### Task objective
With the pictures left out, print exactly the lines below that run from the one containing "Op zoek naar" through the one containing "or until almos...".

____ Dataset entries

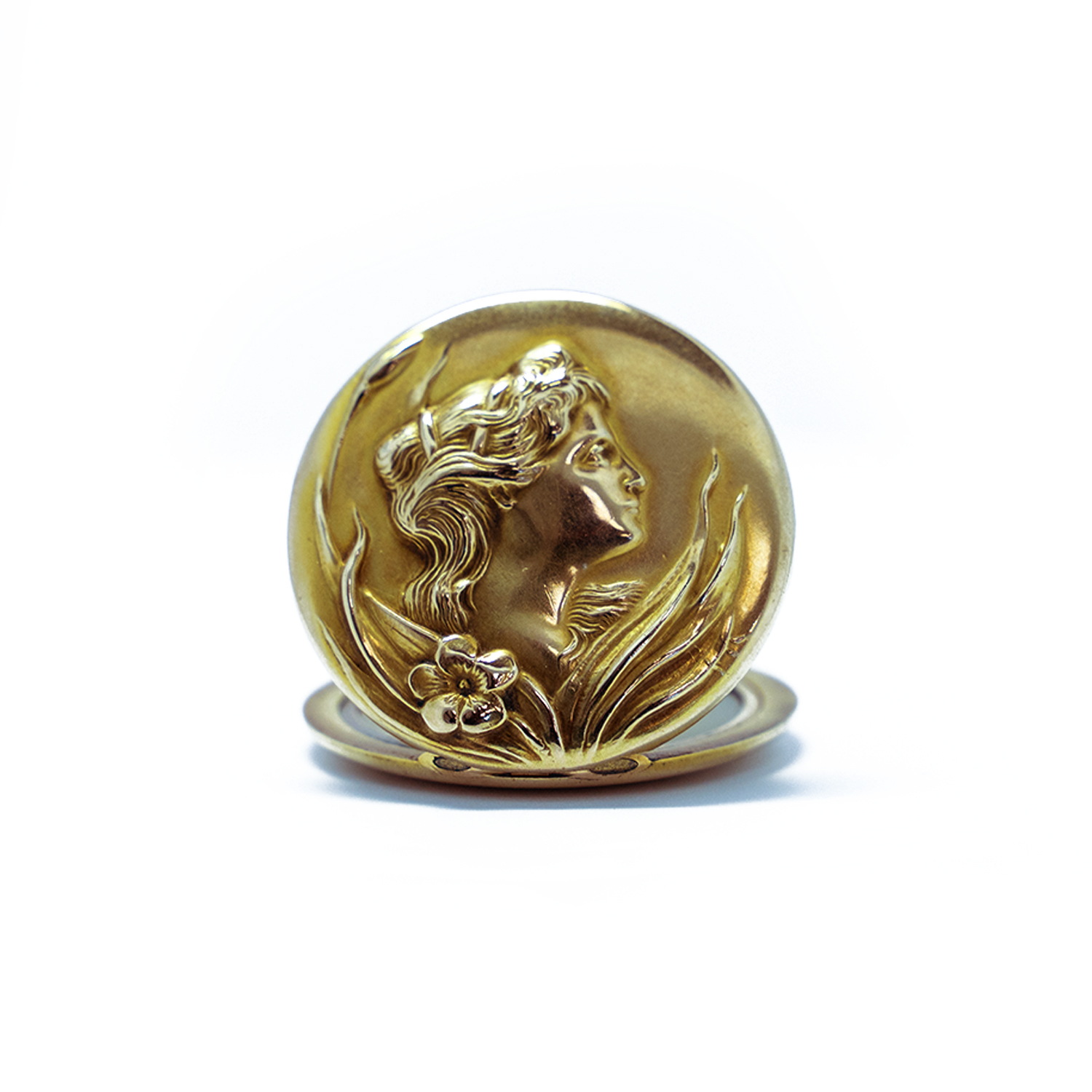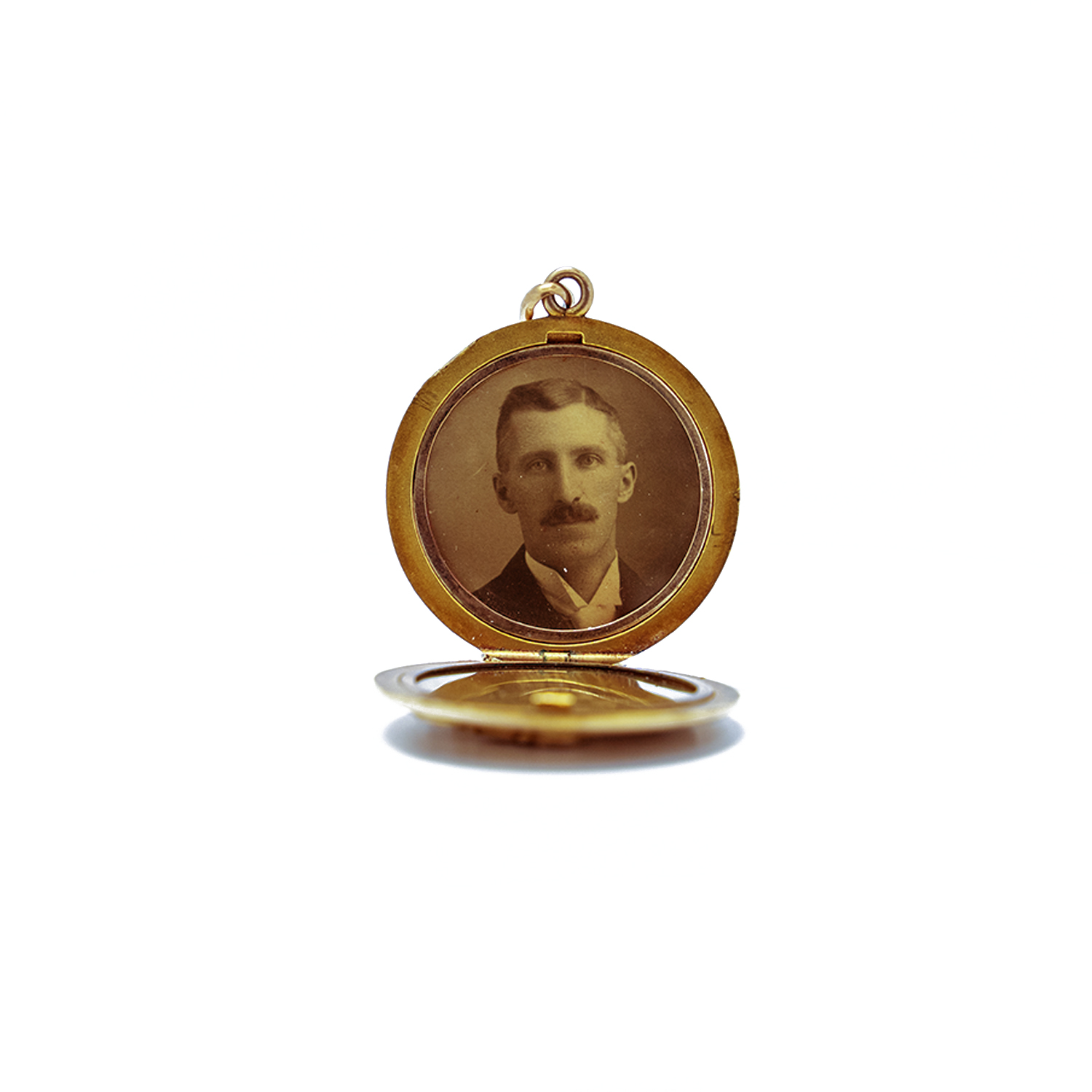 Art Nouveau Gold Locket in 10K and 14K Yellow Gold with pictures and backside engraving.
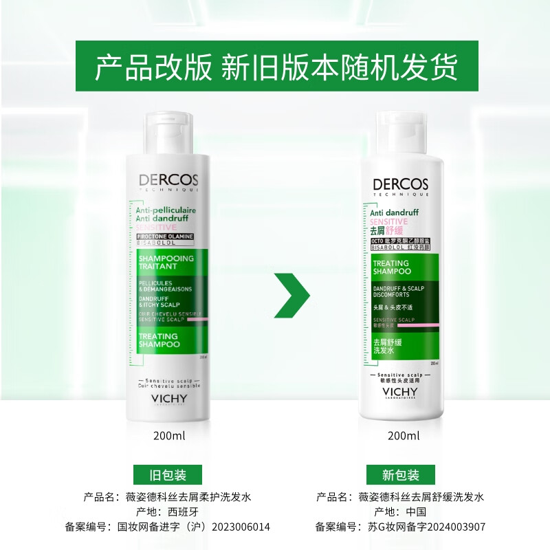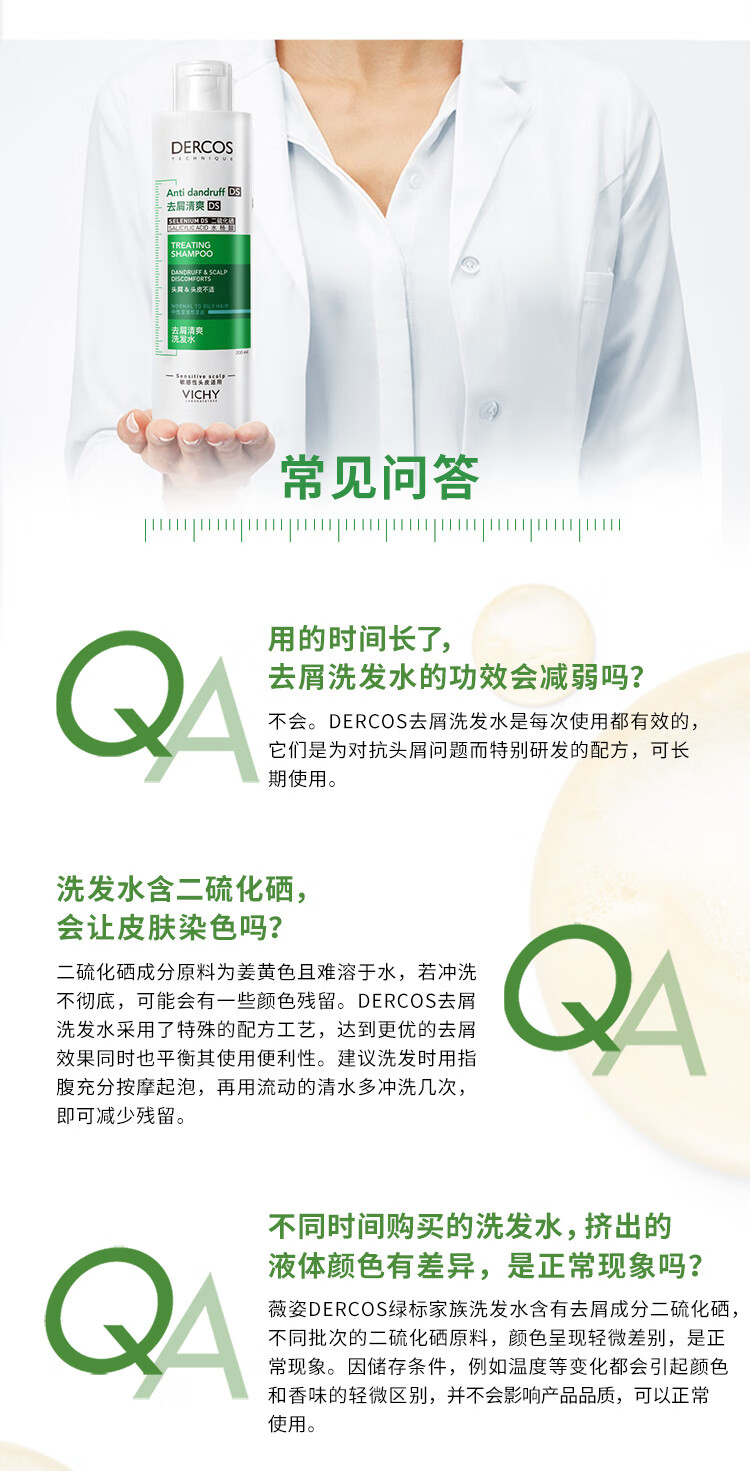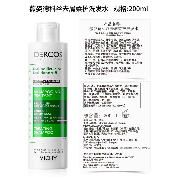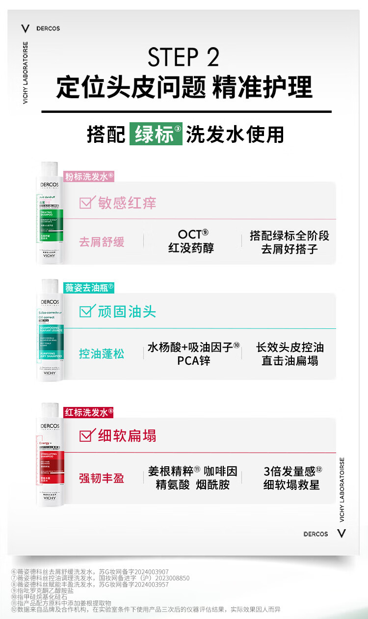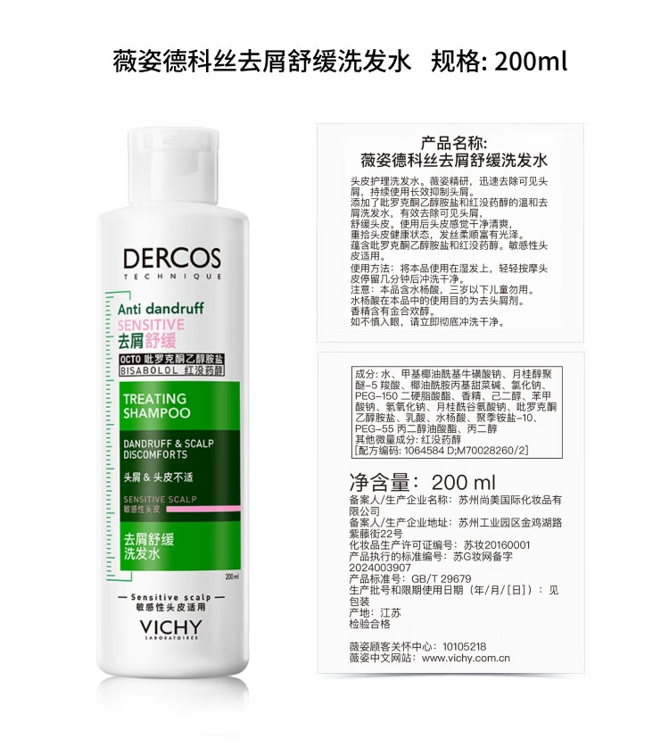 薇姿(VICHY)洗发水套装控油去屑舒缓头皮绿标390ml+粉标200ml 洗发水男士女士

________
____ Dataset entries

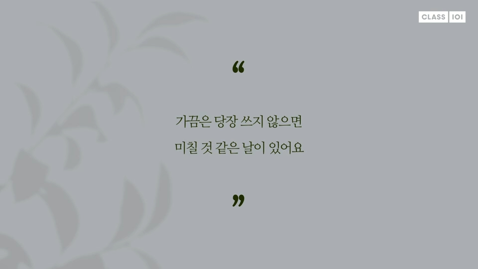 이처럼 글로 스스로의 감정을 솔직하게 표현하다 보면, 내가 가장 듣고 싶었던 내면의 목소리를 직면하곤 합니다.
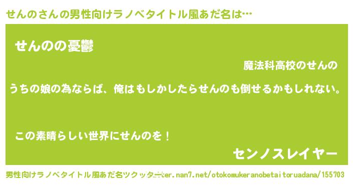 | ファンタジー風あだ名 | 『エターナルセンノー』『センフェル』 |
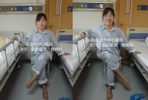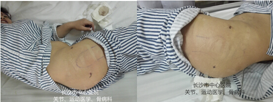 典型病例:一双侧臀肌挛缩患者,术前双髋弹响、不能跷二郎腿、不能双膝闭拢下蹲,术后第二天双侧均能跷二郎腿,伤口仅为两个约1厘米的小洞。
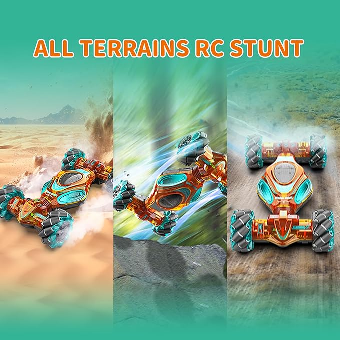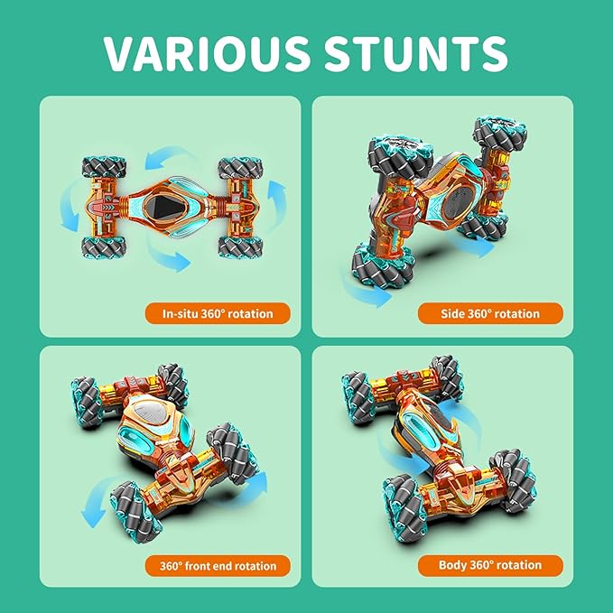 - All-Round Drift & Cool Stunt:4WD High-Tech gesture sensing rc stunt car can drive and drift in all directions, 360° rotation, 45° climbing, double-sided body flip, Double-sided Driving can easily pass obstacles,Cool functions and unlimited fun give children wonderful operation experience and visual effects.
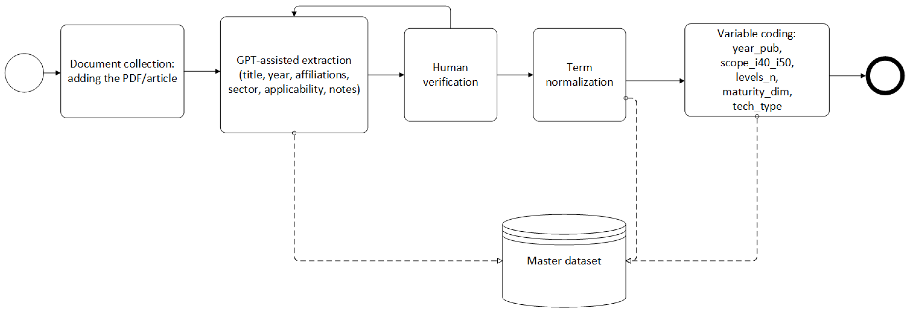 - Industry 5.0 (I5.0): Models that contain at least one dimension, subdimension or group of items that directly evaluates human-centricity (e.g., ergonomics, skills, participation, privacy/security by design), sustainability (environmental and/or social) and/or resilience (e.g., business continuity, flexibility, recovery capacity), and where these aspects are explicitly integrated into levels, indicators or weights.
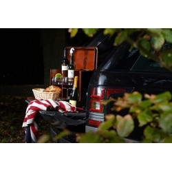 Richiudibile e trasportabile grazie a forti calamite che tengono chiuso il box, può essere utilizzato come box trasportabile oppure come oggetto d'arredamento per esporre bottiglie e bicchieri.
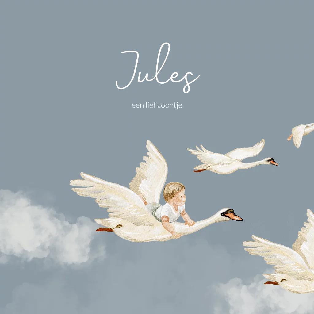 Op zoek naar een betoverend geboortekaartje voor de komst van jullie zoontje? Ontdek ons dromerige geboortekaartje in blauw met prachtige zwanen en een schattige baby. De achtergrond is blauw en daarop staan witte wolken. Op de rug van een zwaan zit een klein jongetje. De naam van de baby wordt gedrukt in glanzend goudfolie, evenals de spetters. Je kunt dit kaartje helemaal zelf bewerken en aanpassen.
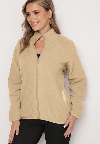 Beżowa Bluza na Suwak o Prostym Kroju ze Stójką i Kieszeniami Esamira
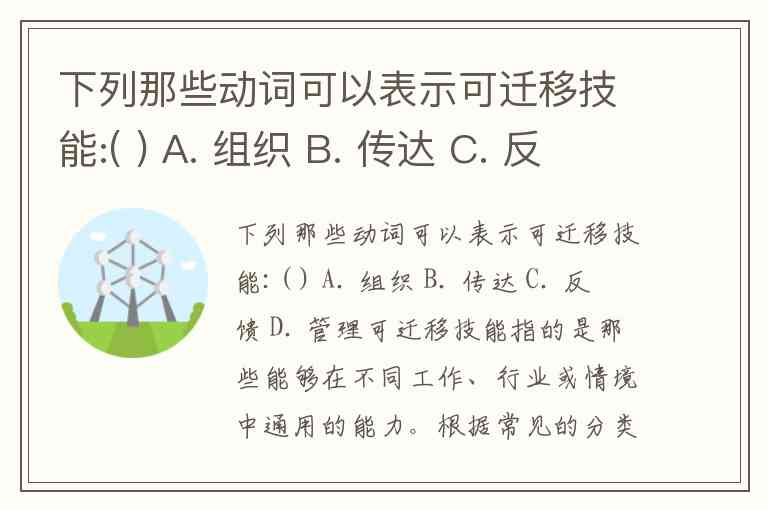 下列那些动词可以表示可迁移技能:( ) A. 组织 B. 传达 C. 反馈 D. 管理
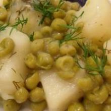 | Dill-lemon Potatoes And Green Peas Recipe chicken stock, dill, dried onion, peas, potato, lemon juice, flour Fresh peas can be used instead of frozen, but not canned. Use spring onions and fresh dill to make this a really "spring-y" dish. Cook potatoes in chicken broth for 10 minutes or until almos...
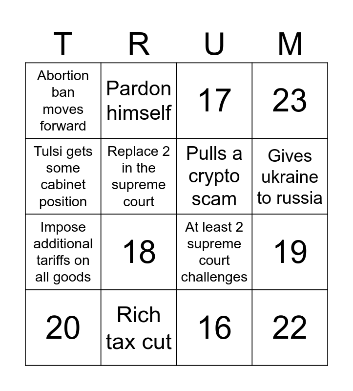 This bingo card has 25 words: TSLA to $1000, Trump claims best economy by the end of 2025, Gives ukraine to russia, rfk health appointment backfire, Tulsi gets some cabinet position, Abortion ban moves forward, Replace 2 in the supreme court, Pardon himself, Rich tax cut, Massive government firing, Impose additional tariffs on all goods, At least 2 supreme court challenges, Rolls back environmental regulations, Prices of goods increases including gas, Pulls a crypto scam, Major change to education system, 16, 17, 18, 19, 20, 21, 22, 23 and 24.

________
____ Dataset entries

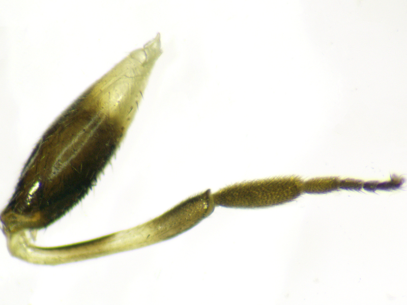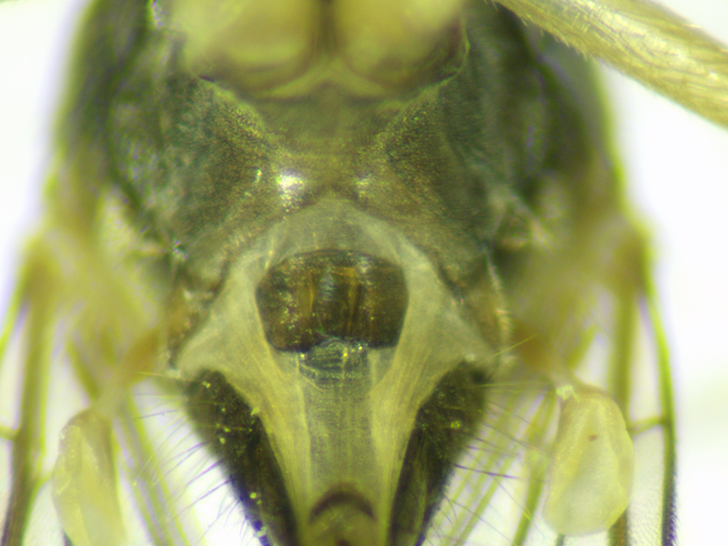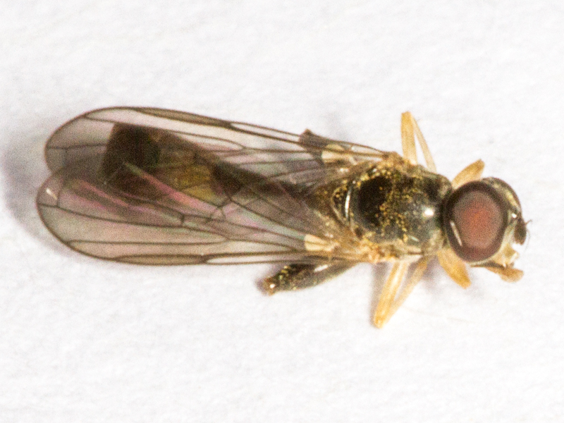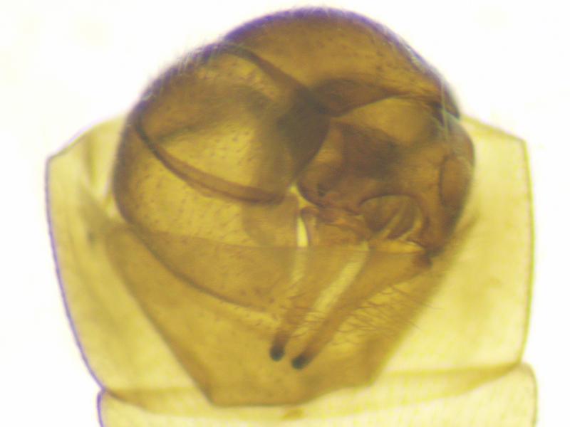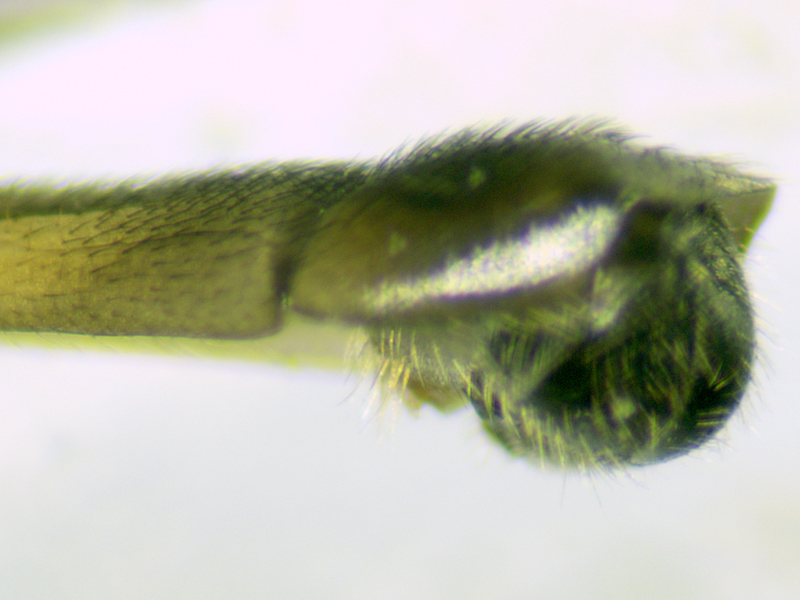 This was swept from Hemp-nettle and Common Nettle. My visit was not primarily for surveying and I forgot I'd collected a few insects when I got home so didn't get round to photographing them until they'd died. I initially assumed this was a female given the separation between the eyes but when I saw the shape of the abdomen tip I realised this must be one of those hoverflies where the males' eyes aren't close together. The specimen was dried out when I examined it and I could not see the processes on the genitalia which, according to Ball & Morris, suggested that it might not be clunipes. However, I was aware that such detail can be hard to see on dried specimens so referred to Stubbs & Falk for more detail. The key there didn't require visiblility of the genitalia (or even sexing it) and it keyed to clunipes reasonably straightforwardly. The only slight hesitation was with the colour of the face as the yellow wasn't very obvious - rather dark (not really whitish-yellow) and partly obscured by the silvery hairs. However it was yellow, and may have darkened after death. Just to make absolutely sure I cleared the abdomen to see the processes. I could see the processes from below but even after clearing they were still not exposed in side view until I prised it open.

________

### Output below
 Op zoek naar een betoverend geboortekaartje voor de komst van jullie zoontje? Ontdek ons dromerige geboortekaartje in blauw met prachtige zwanen en een schattige baby. De achtergrond is blauw en daarop staan witte wolken. Op de rug van een zwaan zit een klein jongetje. De naam van de baby wordt gedrukt in glanzend goudfolie, evenals de spetters. Je kunt dit kaartje helemaal zelf bewerken en aanpassen.
 Beżowa Bluza na Suwak o Prostym Kroju ze Stójką i Kieszeniami Esamira
 下列那些动词可以表示可迁移技能:( ) A. 组织 B. 传达 C. 反馈 D. 管理
 | Dill-lemon Potatoes And Green Peas Recipe chicken stock, dill, dried onion, peas, potato, lemon juice, flour Fresh peas can be used instead of frozen, but not canned. Use spring onions and fresh dill to make this a really "spring-y" dish. Cook potatoes in chicken broth for 10 minutes or until almos...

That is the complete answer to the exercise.